Material supplied:

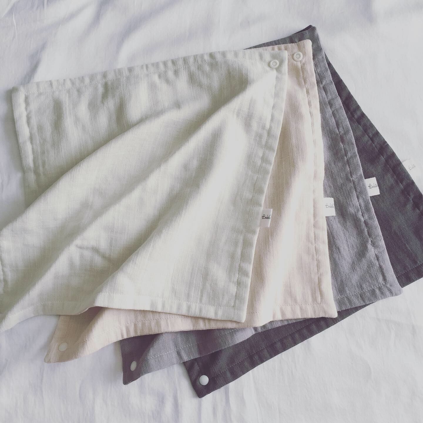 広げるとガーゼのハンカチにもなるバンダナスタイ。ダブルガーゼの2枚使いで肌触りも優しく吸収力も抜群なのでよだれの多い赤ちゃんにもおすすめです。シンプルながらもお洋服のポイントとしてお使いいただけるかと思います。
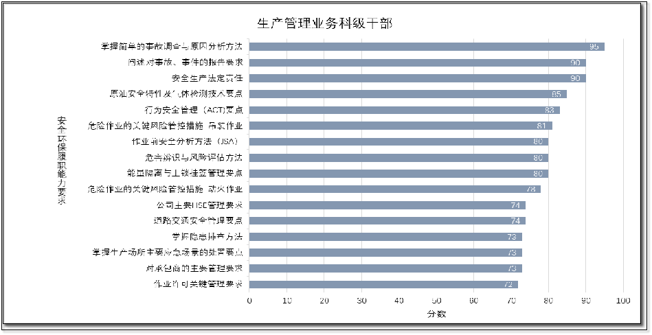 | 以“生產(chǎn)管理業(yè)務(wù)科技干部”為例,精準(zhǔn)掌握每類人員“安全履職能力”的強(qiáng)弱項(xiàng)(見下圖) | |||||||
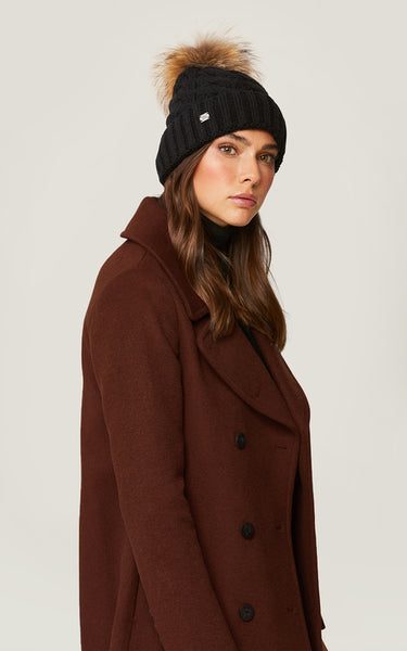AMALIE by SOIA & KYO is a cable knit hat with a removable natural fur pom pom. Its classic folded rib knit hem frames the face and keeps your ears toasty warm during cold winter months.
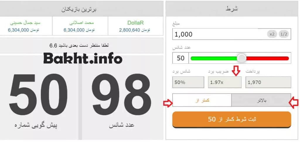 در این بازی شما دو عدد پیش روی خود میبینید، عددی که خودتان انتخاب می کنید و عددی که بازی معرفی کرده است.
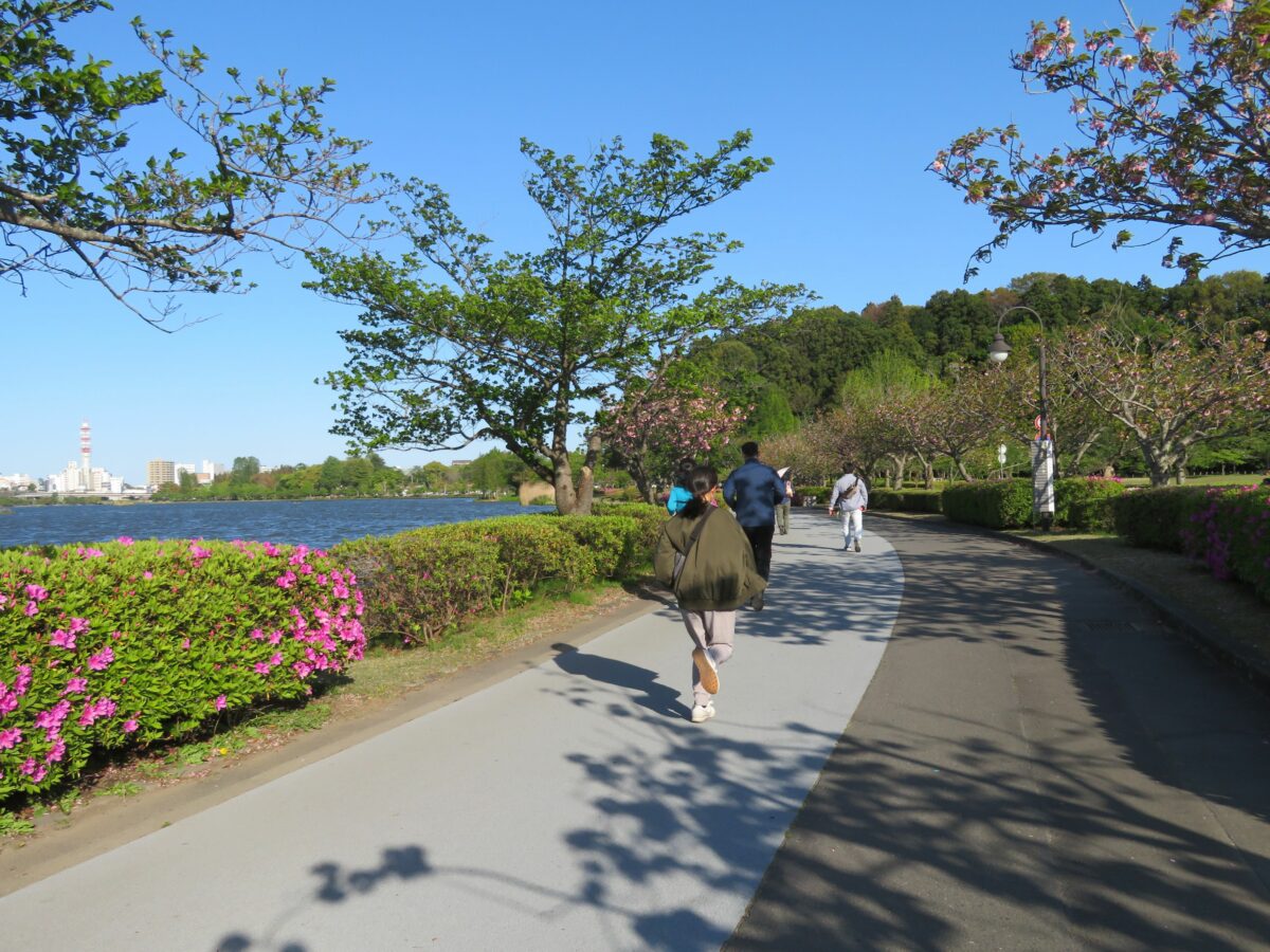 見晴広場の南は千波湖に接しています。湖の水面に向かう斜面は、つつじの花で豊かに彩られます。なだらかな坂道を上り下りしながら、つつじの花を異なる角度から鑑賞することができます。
==
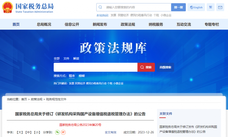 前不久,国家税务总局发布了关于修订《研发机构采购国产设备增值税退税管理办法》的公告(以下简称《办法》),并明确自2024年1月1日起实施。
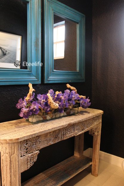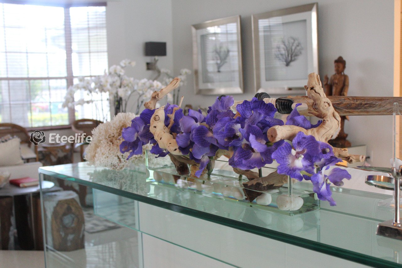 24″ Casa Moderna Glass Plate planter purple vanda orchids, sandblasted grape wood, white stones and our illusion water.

What you need to do: Each line from the one that contains "AMALIE by SOIA" down to the one that contains "見晴広場の南は千波湖に接して" is to be returned exactly as it stands above, both ends included, with pictures removed.

Reply:
AMALIE by SOIA & KYO is a cable knit hat with a removable natural fur pom pom. Its classic folded rib knit hem frames the face and keeps your ears toasty warm during cold winter months.
 در این بازی شما دو عدد پیش روی خود میبینید، عددی که خودتان انتخاب می کنید و عددی که بازی معرفی کرده است.
 見晴広場の南は千波湖に接しています。湖の水面に向かう斜面は、つつじの花で豊かに彩られます。なだらかな坂道を上り下りしながら、つつじの花を異なる角度から鑑賞することができます。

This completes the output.